Could the listing below be returned exactly, with its pictures left out?

Stored data
= = = =

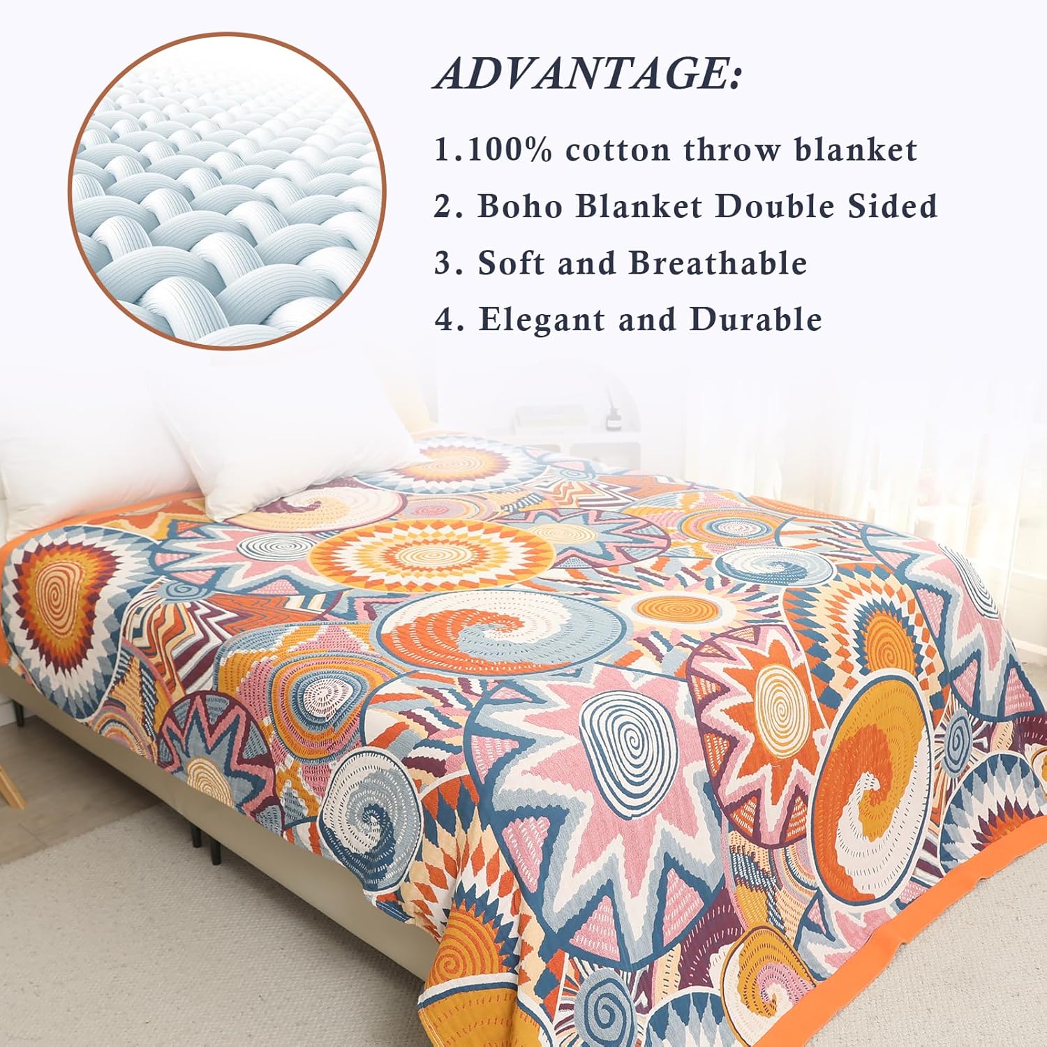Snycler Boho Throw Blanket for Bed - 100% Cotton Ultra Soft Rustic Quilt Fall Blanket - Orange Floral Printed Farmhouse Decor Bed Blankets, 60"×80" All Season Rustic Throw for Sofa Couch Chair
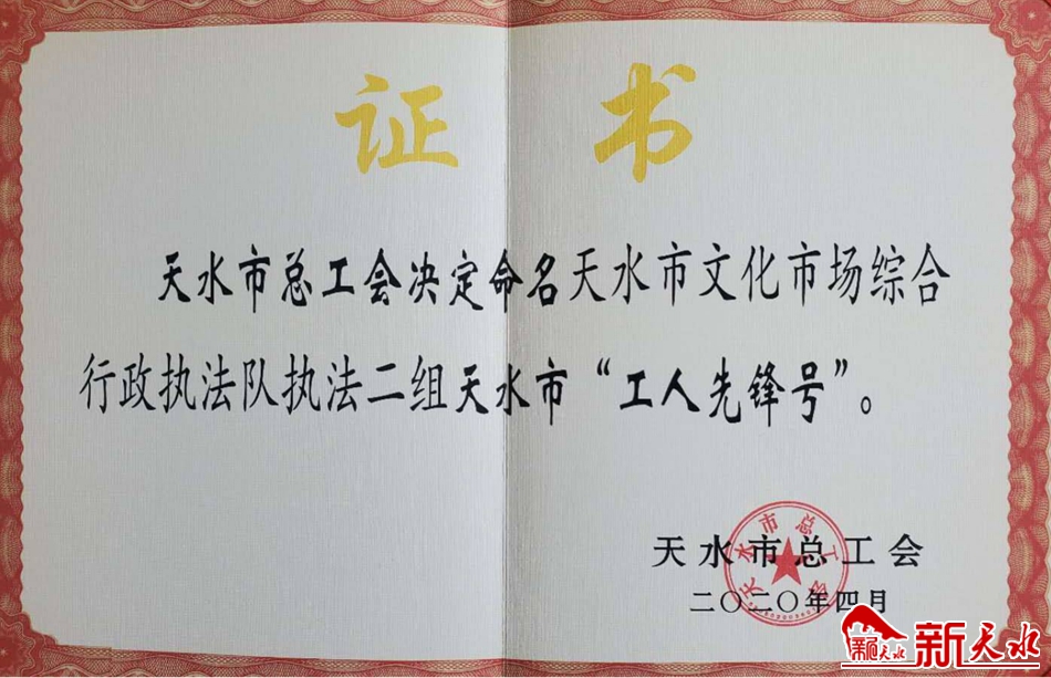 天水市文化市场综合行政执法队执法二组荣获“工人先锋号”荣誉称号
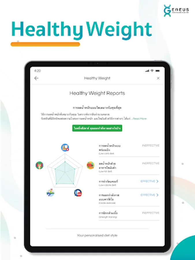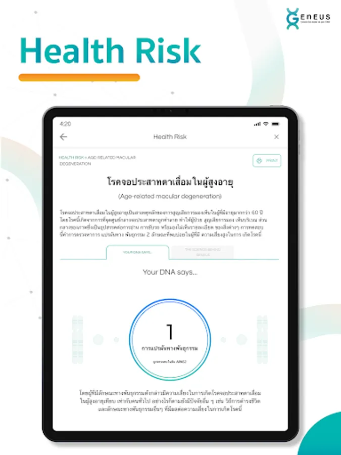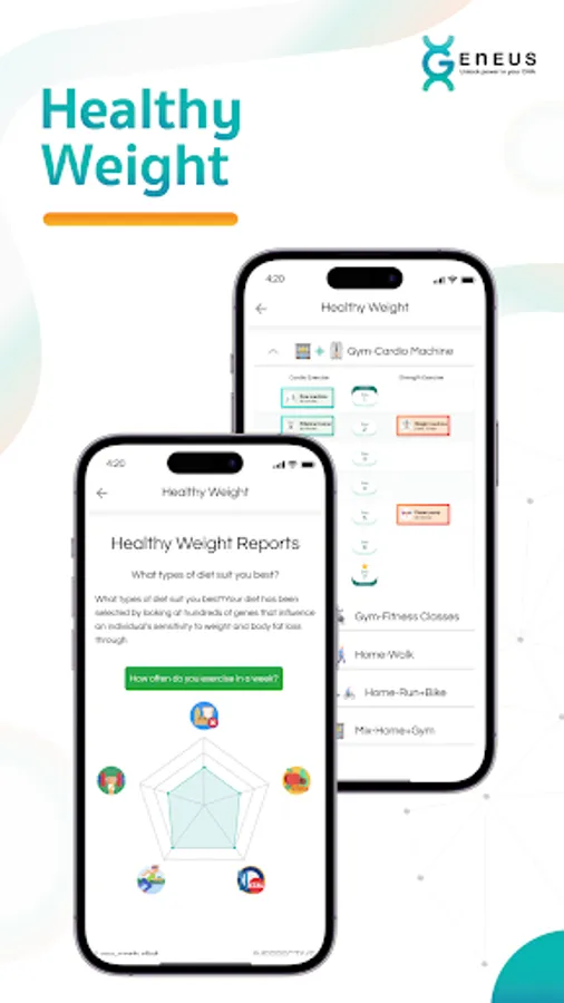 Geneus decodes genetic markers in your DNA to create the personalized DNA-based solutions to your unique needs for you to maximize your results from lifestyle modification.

= = = =

Written reply
Snycler Boho Throw Blanket for Bed - 100% Cotton Ultra Soft Rustic Quilt Fall Blanket - Orange Floral Printed Farmhouse Decor Bed Blankets, 60"×80" All Season Rustic Throw for Sofa Couch Chair
 天水市文化市场综合行政执法队执法二组荣获“工人先锋号”荣誉称号
 Geneus decodes genetic markers in your DNA to create the personalized DNA-based solutions to your unique needs for you to maximize your results from lifestyle modification.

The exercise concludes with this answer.